経済産業省傘下の新エネルギー・産業技術総合開発機構(NEDO)は2021年3月14日、「ベンチャー企業のノベルクリスタルテクノロジー(埼玉県狭山市)が、“第3世代”半導体と呼ばれているβ-Ga2O3(酸化ガリウム)製半導体の基板となる酸化ガリウムウェハの欠陥を10分の1に低減することに成功した」と公表した。

この開発事業は、NEDOの「戦略的省エネルギー技術革新プログラム」の開発事業の中で、次世代半導体を開発する事業として、ノベルクリスタルテクノロジーが採択されているもの。その事業開発の中で、ノベルクリスタルテクノロジーが「佐賀大学との共同研究開発によって、ウェハの欠陥を10分の1に低減できた」と公表した。

ノベルクリスタルテクノロジーは、2015年に電子部品事業などを手掛けているタムラ製作所からカーブアウトしたベンチャー企業で、その後に情報通信研究機構(NICT)から研究開発成果などの技術移転を受けて、酸化ガリウム製ウェハの開発を手掛けてきた。

今回のNEDOが公表した情報によると「戦略的省エネルギー技術革新プログラムで、ノベルクリスタルテクノロジーはβ-Ga2O3ショットキーバリアダイオード(SBD)を製品化する開発に取り組んでいる」と説明する。

ノベルクリスタルテクノロジーでは、すでにβ-Ga2O3エピウェハを100mmまでスケールアップしたエピ成膜装置を開発し、第2世代β-Ga2O3の100mmエピウェハとして製造・販売を行ってきたが、この100mmエピウェハにはデバイスの耐圧特性を劣化させるキラー欠陥が10個/cm2 程度存在するため、大型のデバイスを作ることができず、電流値は10A程度に制限されていたという。

この課題の解消を目指して、佐賀大学との共同研究により、キラー欠陥の原因が主にエピ成膜中に発生する“特定の粉体”らしいモノであることを突き止め、エピ成膜条件を改良することにより、キラー欠陥を従来の10分の1以下の0.7個/cm2まで低減した第3世代β-Ga2O3の100mmエピウェハを実現したという。

そして「この開発した直径100mmエピウェハを基に、β-Ga2O3ショットキーバリアダイオードを試作し、電気的性能とキラー欠陥密度を評価し、優れた性能を確認した」という。今後は、試作したショットキーバリアダイオードの電気的性能を評価し、さらなる改良を目指す模様だ。

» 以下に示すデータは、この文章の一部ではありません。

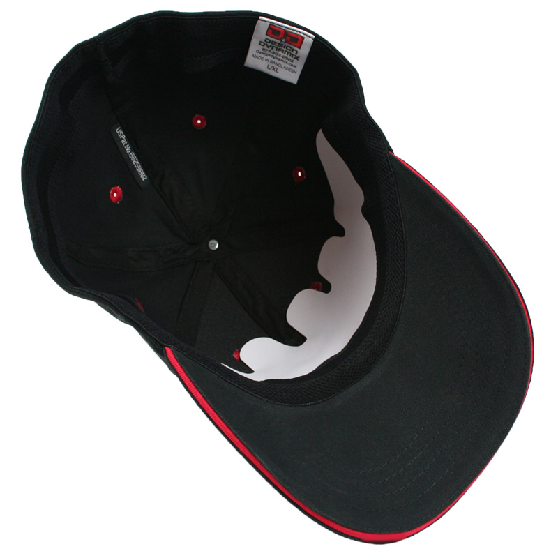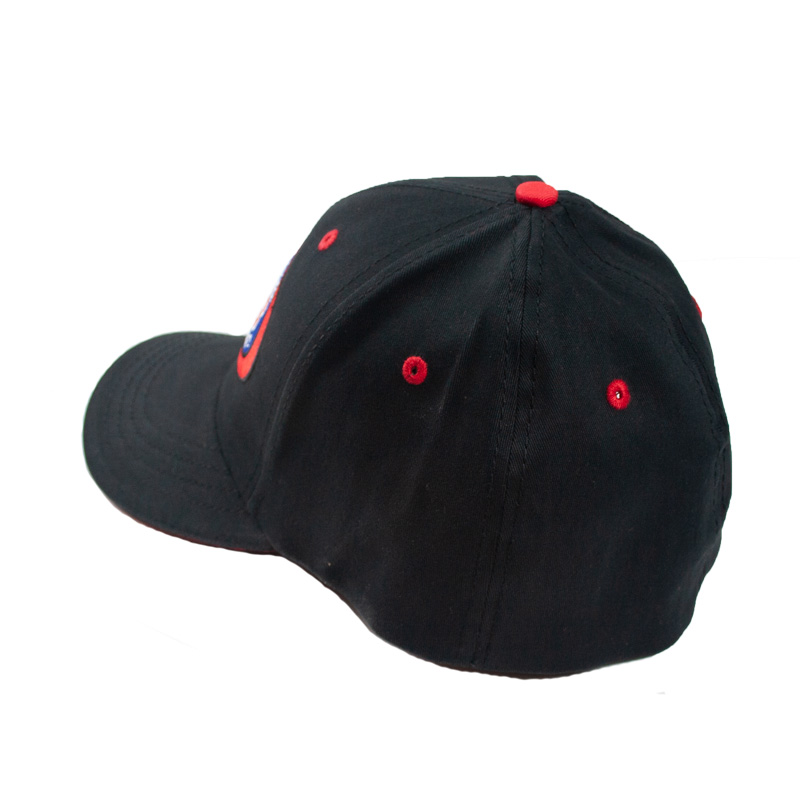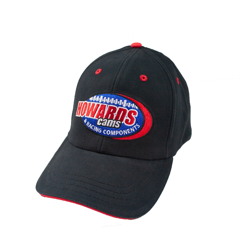 Comfortable Stretch-Fit design. Black with red accents. Embroidered with the Howards Cams logo.

  • 開発した第3世代酸化ガリウムの直径100mmエピウェハを用いて試作したショットキーバリアダイオード

    開発した第3世代酸化ガリウムの直径100mmエピウェハを用いて試作したショットキーバリアダイオード(出典:ノベルクリスタルテクノロジー)

この結果、電車や産業機器、電気自動車などの100A級パワーデバイス向けの酸化ガリウム半導体の開発に向けて大きく前進したといえそうだ。

これが実現されると、電力損失が小さいパワーデバイスが実用化されて、省エネルギー化が大きく進むことになると考えられている。

ノベルクリスタルテクノロジーは「今後はβ-Ga2O3の直径100mmエピウェハの製造ラインを構築し、早期にそのウェハの販売を始めたい」としている。